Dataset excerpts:
□ □ □ □

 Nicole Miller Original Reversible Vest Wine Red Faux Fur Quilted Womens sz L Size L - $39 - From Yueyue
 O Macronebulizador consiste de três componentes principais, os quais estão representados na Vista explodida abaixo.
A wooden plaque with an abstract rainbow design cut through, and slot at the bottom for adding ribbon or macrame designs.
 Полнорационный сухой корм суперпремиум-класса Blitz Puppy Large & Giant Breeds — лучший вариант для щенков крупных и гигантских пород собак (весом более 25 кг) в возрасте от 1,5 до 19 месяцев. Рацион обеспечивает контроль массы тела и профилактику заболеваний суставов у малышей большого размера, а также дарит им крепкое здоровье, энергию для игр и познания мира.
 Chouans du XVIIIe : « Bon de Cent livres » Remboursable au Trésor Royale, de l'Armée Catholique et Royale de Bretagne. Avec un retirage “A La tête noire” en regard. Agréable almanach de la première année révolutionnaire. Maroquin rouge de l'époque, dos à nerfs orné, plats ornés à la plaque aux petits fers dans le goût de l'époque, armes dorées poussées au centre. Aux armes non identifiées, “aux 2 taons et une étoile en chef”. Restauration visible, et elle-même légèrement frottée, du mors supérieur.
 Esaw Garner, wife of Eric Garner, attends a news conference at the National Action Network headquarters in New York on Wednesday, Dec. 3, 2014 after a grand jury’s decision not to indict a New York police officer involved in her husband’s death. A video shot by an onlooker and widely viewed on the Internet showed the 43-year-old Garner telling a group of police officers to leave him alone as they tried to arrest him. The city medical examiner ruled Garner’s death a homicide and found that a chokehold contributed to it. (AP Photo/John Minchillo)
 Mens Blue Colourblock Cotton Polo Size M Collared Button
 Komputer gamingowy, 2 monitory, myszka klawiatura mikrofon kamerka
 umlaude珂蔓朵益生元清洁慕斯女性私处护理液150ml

□ □ □ □

Exercise objective
All of the data above should be reproduced exactly, with nothing missing.

Problem solution
 Nicole Miller Original Reversible Vest Wine Red Faux Fur Quilted Womens sz L Size L - $39 - From Yueyue
 O Macronebulizador consiste de três componentes principais, os quais estão representados na Vista explodida abaixo.
A wooden plaque with an abstract rainbow design cut through, and slot at the bottom for adding ribbon or macrame designs.
 Полнорационный сухой корм суперпремиум-класса Blitz Puppy Large & Giant Breeds — лучший вариант для щенков крупных и гигантских пород собак (весом более 25 кг) в возрасте от 1,5 до 19 месяцев. Рацион обеспечивает контроль массы тела и профилактику заболеваний суставов у малышей большого размера, а также дарит им крепкое здоровье, энергию для игр и познания мира.
 Chouans du XVIIIe : « Bon de Cent livres » Remboursable au Trésor Royale, de l'Armée Catholique et Royale de Bretagne. Avec un retirage “A La tête noire” en regard. Agréable almanach de la première année révolutionnaire. Maroquin rouge de l'époque, dos à nerfs orné, plats ornés à la plaque aux petits fers dans le goût de l'époque, armes dorées poussées au centre. Aux armes non identifiées, “aux 2 taons et une étoile en chef”. Restauration visible, et elle-même légèrement frottée, du mors supérieur.
 Esaw Garner, wife of Eric Garner, attends a news conference at the National Action Network headquarters in New York on Wednesday, Dec. 3, 2014 after a grand jury’s decision not to indict a New York police officer involved in her husband’s death. A video shot by an onlooker and widely viewed on the Internet showed the 43-year-old Garner telling a group of police officers to leave him alone as they tried to arrest him. The city medical examiner ruled Garner’s death a homicide and found that a chokehold contributed to it. (AP Photo/John Minchillo)
 Mens Blue Colourblock Cotton Polo Size M Collared Button
 Komputer gamingowy, 2 monitory, myszka klawiatura mikrofon kamerka
 umlaude珂蔓朵益生元清洁慕斯女性私处护理液150ml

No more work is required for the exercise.